Second, urban areas in general fared better than expected in today's population counts. New York City counted a massive seven percent more residents than pre-census estimates suggested, and Chicago's Cook County tallied three percent more. That should marginally help Democrats draw more favorable districts in Illinois and New York to offset expected GOP gerrymandering gains in Texas, Florida, Georgia and elsewhere.
Meanwhile, most rural counties (and 52 percent of all counties) reported population losses since 2010, and many reported even weaker numbers than expected. That could make it slightly more challenging for GOP mapmakers to dilute urban and suburban Democratic votes. In Texas, for example, it could make the strategic difference between Republicans settling for a 25-13 map versus attempting a 27-11 gerrymander.
If there's a concern for Democrats, it's that the higher-than-expected share of the population reporting more than one race - in part due to changes to the questionnaire design since 2010 - could make it more difficult to draw majority-minority districts containing a majority of one race. The Census's new differential privacy procedures, which add in noise to make the data more diffuse across tracts, only compound that challenge.
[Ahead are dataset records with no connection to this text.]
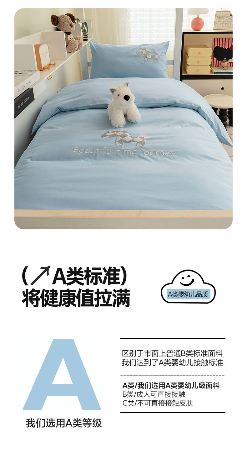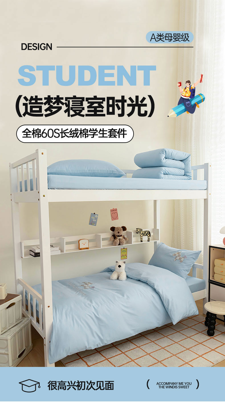 新款纯棉三件套长绒棉全棉纯色刺绣床单被套学生宿舍床大学生
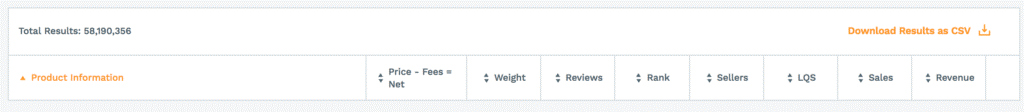 产品数据库的设计逻辑是,一旦进行了筛选,就可以根据你最关心的条件对产品进行排序,从而自动对结果进行二次筛选。比如你正在寻找一个竞争小的产品,同时可能意味着该产品评论也少。
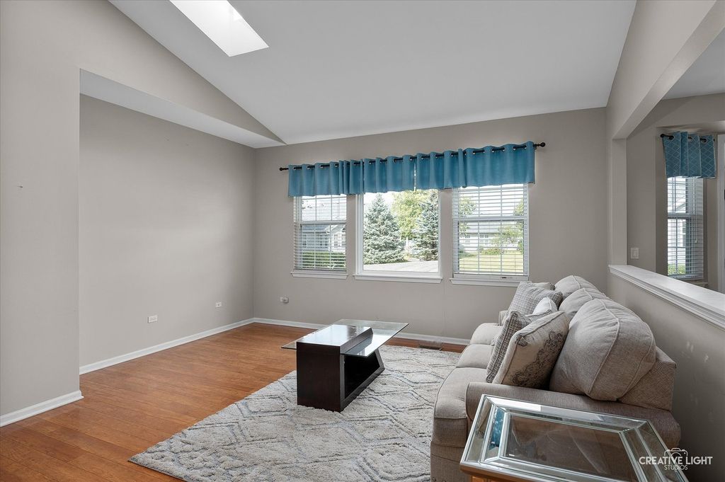 Welcome to this 2-bedroom, 2-bath ranch townhome in the sought-after 55+ community Carillon Lakes. Beautiful hardwood floors create a luxurious feel throughout the dining room, living room, and bedrooms. White trim and classic white 6-panel doors with brushed nickel lever handles add a fresh, modern touch throughout the home. The spacious living room features a vaulted ceiling, two skylights that fill the space with natural light, and views of open space. The open floor plan leads seamlessly into the kitchen with tile floors, stainless steel stove, dishwasher, refrigerator, microwave, an under-sink reverse osmosis system, and a cozy eating area with bay window. Step outside to enjoy the private patio with a privacy fence and peaceful views. The primary suite offers hardwood floors, a ceiling fan, walk-in closet, and a private bath with walk-in shower and grab bars. The second bedroom also features hardwood floors and a large bay window. This guarded, gated community offers resort-style living with a clubhouse, indoor and outdoor pools, fitness room, Pickle Ball, Bocce Ball, 3-hole golf course with putting green, ponds, fishing, and an auxiliary pool for visiting guests under 18. Major updates include: furnace & A/C (2019), water heater (2020), washer (2021), garage door opener (2022), reverse osmosis system (2022), roof (2024), and gutters (2024) garbage disposal (2025). Move-in ready and low maintenance, this home combines comfort, convenience, and community.
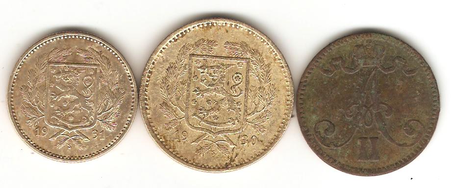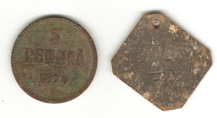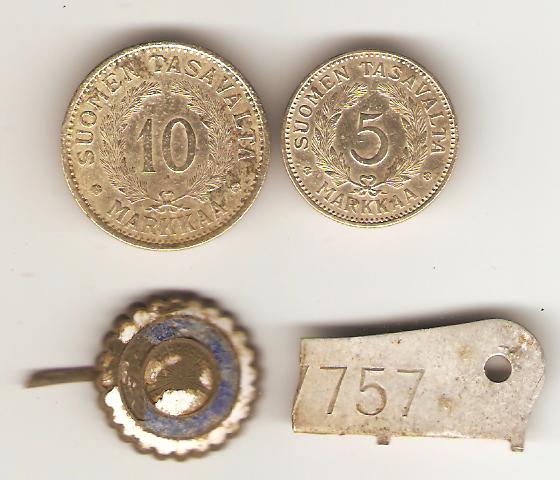 - Финские монеты,кокарда рядового состава,кусочек от идентификационного жетона.
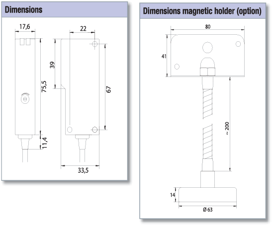 The hydrotechnik's rotational speed sensor RS 110 uses pulsating red light (LED) refl ected by a special tag at the rotating target. By using a polarisation fi lter, only the refl ected light impulses are evaluated, disturbing refl ections (e.g. unevenness of the surface, bright metal parts, keyways or high-contrast areas) are not detected. This achieves a reliable rotational speed measurement from distances between 50 mm and 4 m*.25 refl ection tags are included. Enter the number of used reflection tags as calibration value into the measuring instrument.
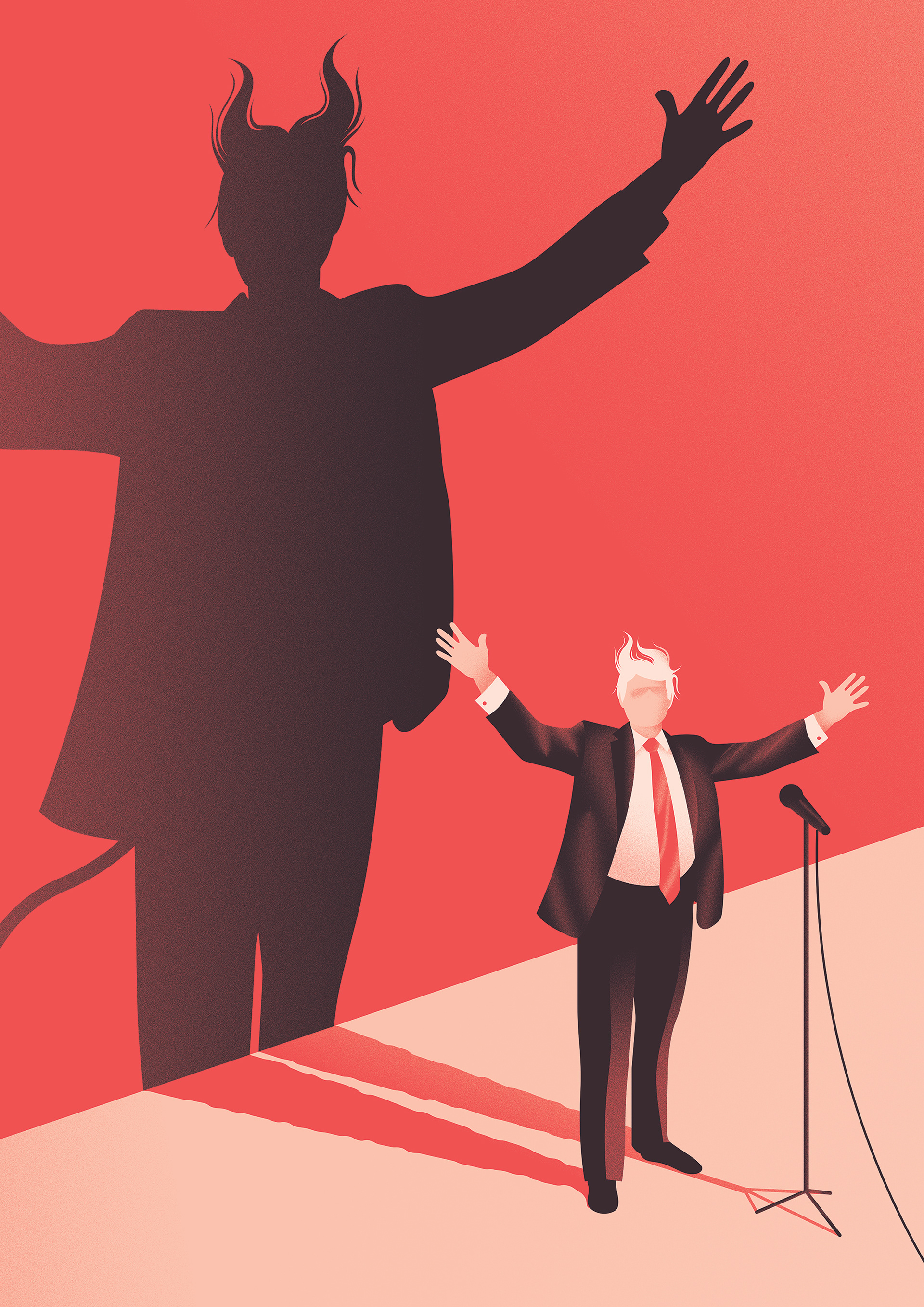 I remember hearing about a tabloid headline earlier this year of "Trump is the Antichrist", after the Pope criticised him for being 'un-christian.' Thought that would be fun illustration to visualise and this was the result.
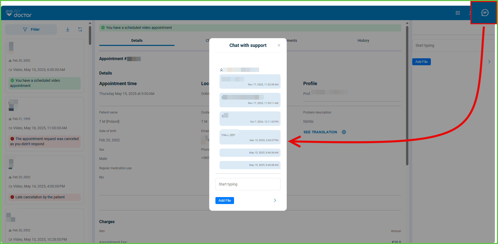 Use the Chat screen to exchange secure messages between doctors and Air Doctor support.
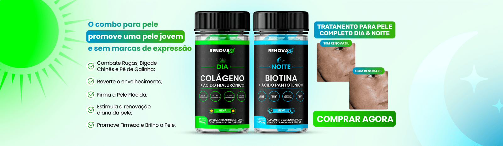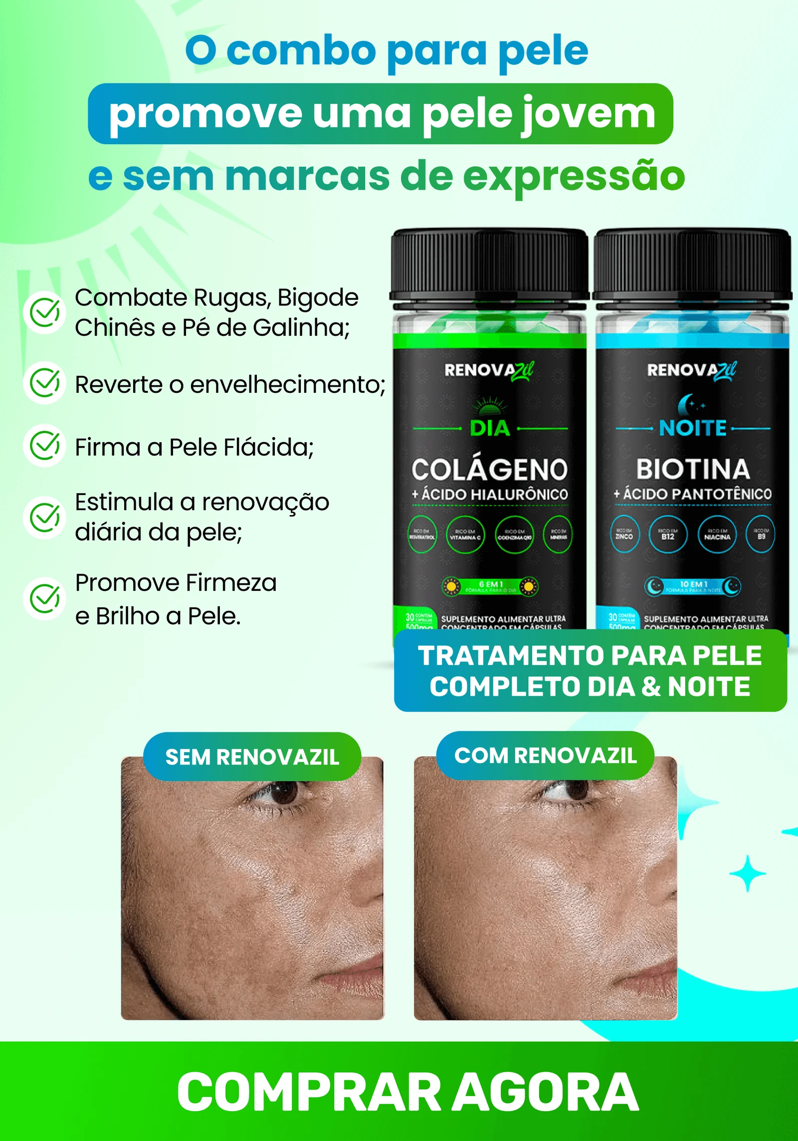 O Renovazil possui uma composição exclusiva Dia & Noite, agindo de dentro para fora diminuindo a aparência das rugas deixando a pele do seu rosto mais lisa e sem as marcas do tempo.

Although today's data brought Democrats good news, it only offsets a small fraction of the GOP's dominance over redistricting. Republicans still hold final redistricting authority in 20 states totaling 187 districts, while Democrats control eight states totaling 75 districts. Another ten states totaling 121 districts utilize independent commissions, while control is split between the parties in six states totaling 46 districts.